Several studies have shown that HCC patients have large amounts of cfDNA being these associated with the degree of malignancy (poorer prognosis) and size of the tumor size[77,78]. Huang et al.[77] showed that plasma DNA detection was able to discriminate HCC from normal controls with 90.2% sensitivity and 90.3% specificity and AUC was 0.949 (95% CI) (measured by real-time quantitative PCR method). Moreover, plasma DNA and serum AFP revealed an elevated AUC of 0.974 with 95.1% sensitivity and 94.4% specificity in discriminating HCC from normal controls. Furthermore, the plasma DNA levels were positively associated with tumor size and vascular invasion (P = 0.012 and P = 0.035 respectively)[77]. However further studies are needed due to the controversial results related to the methodology used.

Changes of DNA mutations could play an important role in the carcinogenesis process[79-82]. By now, several studies confirmed that TP53, EFGR, KRAS and APC are genes with common tumor specific mutations. The proportion of HCC patients with detectable ctDNA varies wildly between studies. Tumor suppressive gene TP53 mutations such as Ser249, were found present in 50% of HCC patients exposed to aflatoxin[83]. However, Ser249 of TP53, one of the most reported mutations in HCC patients, was also detected in non-cancer liver tissue of HCC, in plasma from healthy people, indicating that this mutation is not exclusive of HCC[84,85]. In addition, rs894151 or rs12428080 were found significantly associated with a decreased overall survival and time to recurrence after liver transplantation[86,87]. Using digital droplet PCR, ctDNA mutations in TERT promoter, CTNNB1 and TP53 could be detected in a higher rate (56%) compared to the use of NGS (20%).
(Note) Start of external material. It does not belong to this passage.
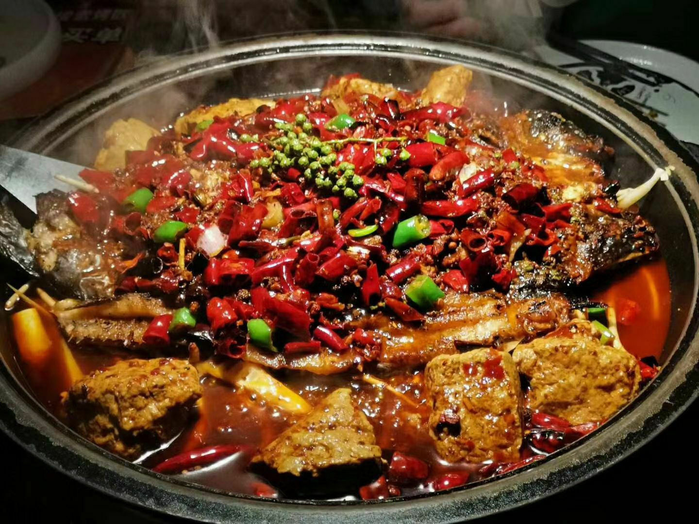 里面上座率90%味道还是依旧杠杠的[调皮]点的他家的经典麻辣烤鱼(黔鱼)129一条麻辣鲜香……...

A recent pilot study of ultra-deep targeted sequencing of plasma DNA identifies driver mutations and it demonstrates how ultra- deep targeted sequencing of cfDNA in the plasma of HCC patients is a feasible, reliable and minimally invasive approach to interrogate HCC genetics and emerges as a promising tool for predictive biomarker development in HCC[88].

DNA methylation is also an important epigenetic aberration found in ctDNA with a great application in the diagnosis, prognosis, and effective evaluation of HCC. Another tumor suppressor gene, Ras association domain family protein 1A (RASSF1A) was found hypermethylated in 93% HCC patients compared to healthy people being this frequency similar to the one found in RASSF1A hypermethylation in HCC tumor tissues[89]. Moreover, the combination of several methylations has been postulated in order to improve the specificity and efficacy for the early diagnosis[90]. The plasma methylation levels of APC, GSTP1, RASSF1A, and SFRP1 were significantly higher in HCCs than those in normal or benign controls (P < 0.05). The combination of these four genes resulted in an increased AUC of 0.933 with 92.7% sensitivity and 81.9% specificity in discriminating HCC from normal control and GSTP1 hypermethylation was significantly correlated with elevated serum AFP levels (P = 0.026).

Finally, the clinical significance of ctDNA as a diagnostic and predictive biomarker in HCC patients should be further evaluated. ctDNA may be quite low and therefore below the limit of detection, especially in early‐stage and indolent tumors. The improvement of different technics such as digital PCR and sequencing technologies provide us an effective way for the discovery of additional ctDNA markers[91,92].

Circulating non-coding RNA

In the context of liquid biopsy, non-coding RNA (ncRNA) is also included. The number of ncRNA genes is increasing due to the development of high-throughput RNA sequencing technology. They have a role in several physiological and pathological processes such as cancer. The main feature is their lack to codify for proteins. Depending on the length, ncRNAs could be classified into short or long ncRNAs with an arbitrary size cut-off at 200 bases of length, being the most known (a) the long-ncRNA (lncRNA) and (b) the microRNA (miRNA).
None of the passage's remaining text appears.